■ **Dataset excerpt**
◆ ◆ ◆ ◆ ◆

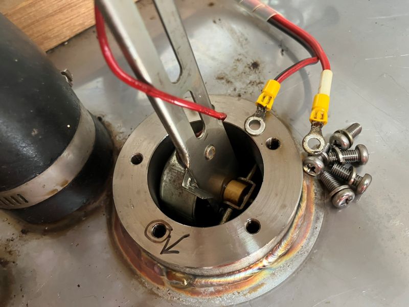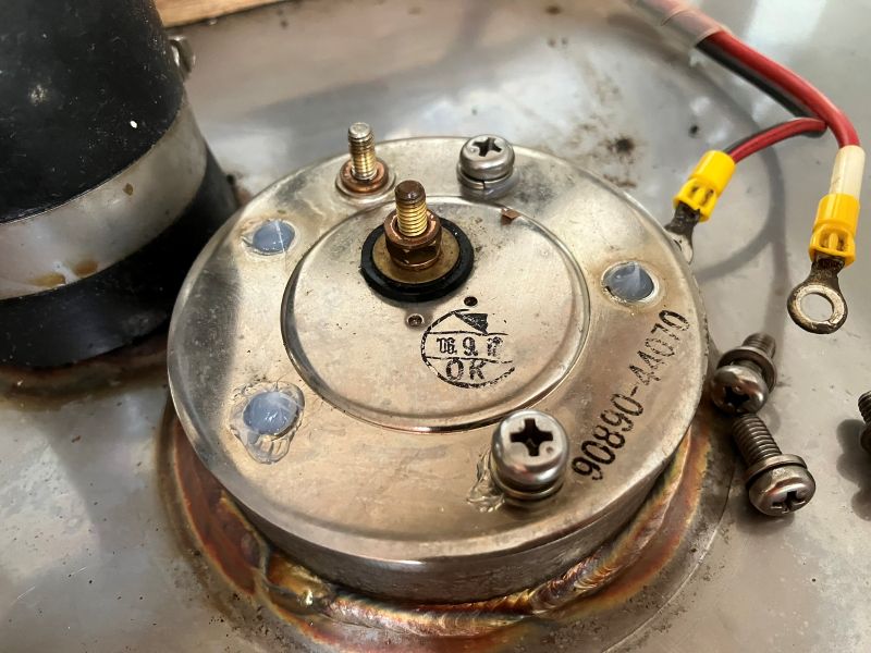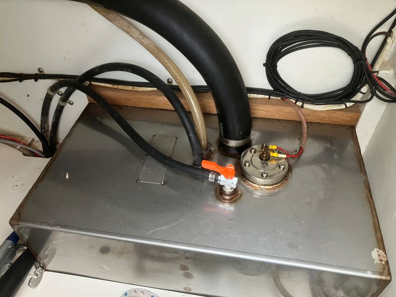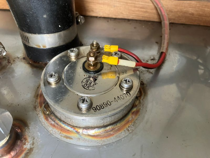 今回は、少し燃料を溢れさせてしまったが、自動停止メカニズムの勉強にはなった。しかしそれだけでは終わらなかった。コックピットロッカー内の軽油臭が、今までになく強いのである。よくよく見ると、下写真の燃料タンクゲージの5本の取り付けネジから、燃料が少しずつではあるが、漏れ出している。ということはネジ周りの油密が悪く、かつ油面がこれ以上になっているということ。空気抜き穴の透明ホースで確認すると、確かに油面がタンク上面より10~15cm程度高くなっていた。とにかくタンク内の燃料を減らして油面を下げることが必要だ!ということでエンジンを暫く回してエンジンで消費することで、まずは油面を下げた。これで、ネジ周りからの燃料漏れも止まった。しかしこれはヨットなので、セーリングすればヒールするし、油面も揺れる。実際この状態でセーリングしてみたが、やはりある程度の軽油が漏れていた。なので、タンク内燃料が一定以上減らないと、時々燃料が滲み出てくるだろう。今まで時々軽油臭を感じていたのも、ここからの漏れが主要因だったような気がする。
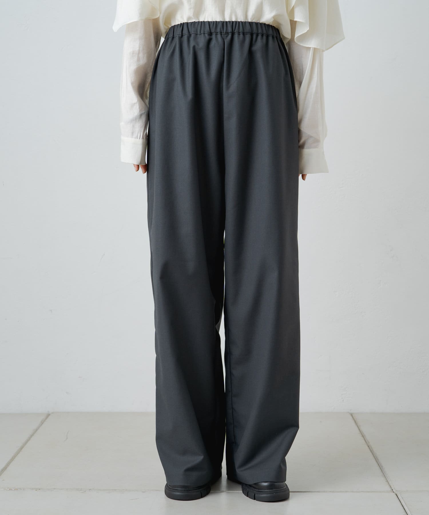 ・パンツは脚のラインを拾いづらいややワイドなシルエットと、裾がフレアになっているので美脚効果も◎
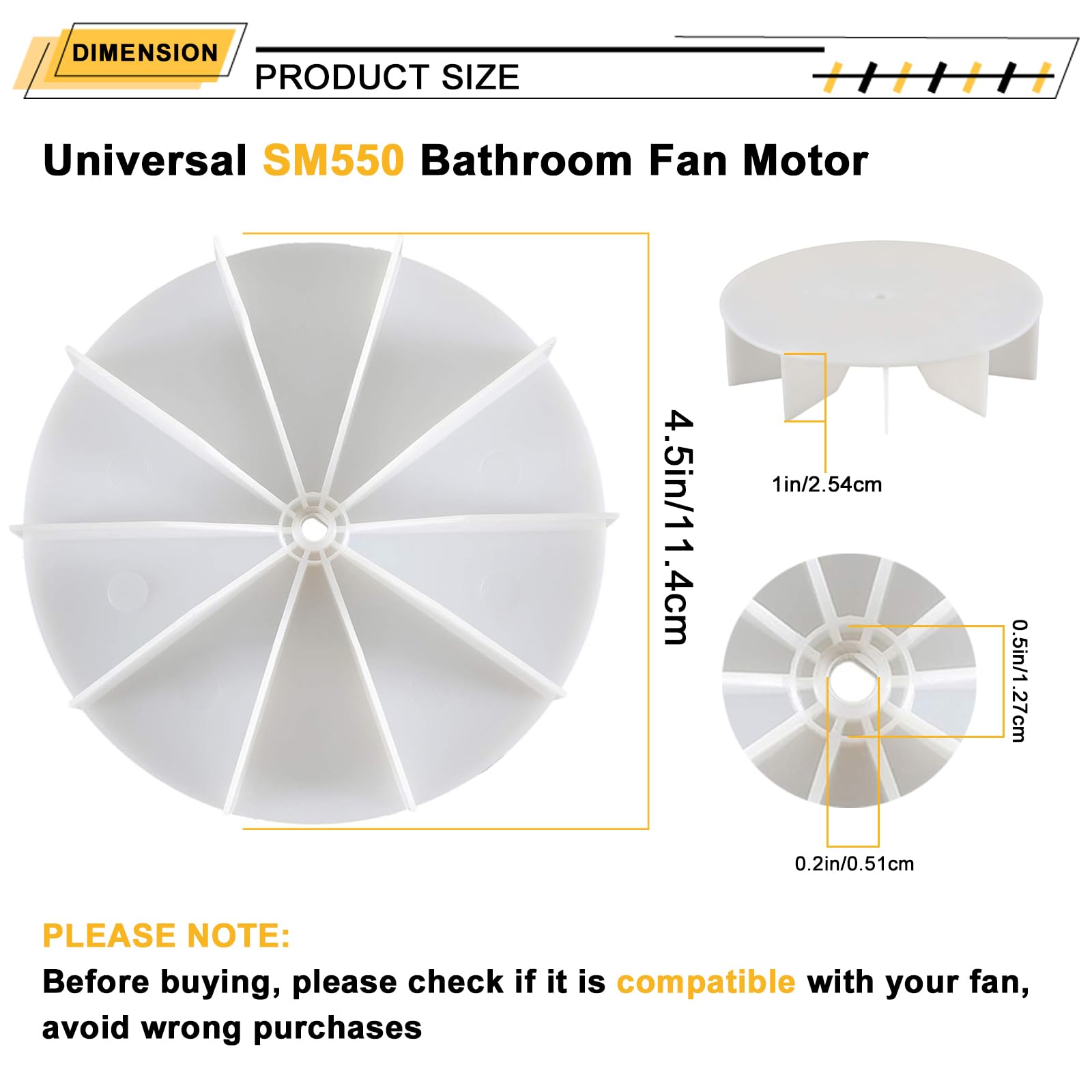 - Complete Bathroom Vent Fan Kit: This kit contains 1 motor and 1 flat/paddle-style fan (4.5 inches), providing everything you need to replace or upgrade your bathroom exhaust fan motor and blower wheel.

◆ ◆ ◆ ◆ ◆

■ **What is being asked**
Could you output the listing word for word, omitting every picture?

■ **Task response**
 今回は、少し燃料を溢れさせてしまったが、自動停止メカニズムの勉強にはなった。しかしそれだけでは終わらなかった。コックピットロッカー内の軽油臭が、今までになく強いのである。よくよく見ると、下写真の燃料タンクゲージの5本の取り付けネジから、燃料が少しずつではあるが、漏れ出している。ということはネジ周りの油密が悪く、かつ油面がこれ以上になっているということ。空気抜き穴の透明ホースで確認すると、確かに油面がタンク上面より10~15cm程度高くなっていた。とにかくタンク内の燃料を減らして油面を下げることが必要だ!ということでエンジンを暫く回してエンジンで消費することで、まずは油面を下げた。これで、ネジ周りからの燃料漏れも止まった。しかしこれはヨットなので、セーリングすればヒールするし、油面も揺れる。実際この状態でセーリングしてみたが、やはりある程度の軽油が漏れていた。なので、タンク内燃料が一定以上減らないと、時々燃料が滲み出てくるだろう。今まで時々軽油臭を感じていたのも、ここからの漏れが主要因だったような気がする。
 ・パンツは脚のラインを拾いづらいややワイドなシルエットと、裾がフレアになっているので美脚効果も◎
 - Complete Bathroom Vent Fan Kit: This kit contains 1 motor and 1 flat/paddle-style fan (4.5 inches), providing everything you need to replace or upgrade your bathroom exhaust fan motor and blower wheel.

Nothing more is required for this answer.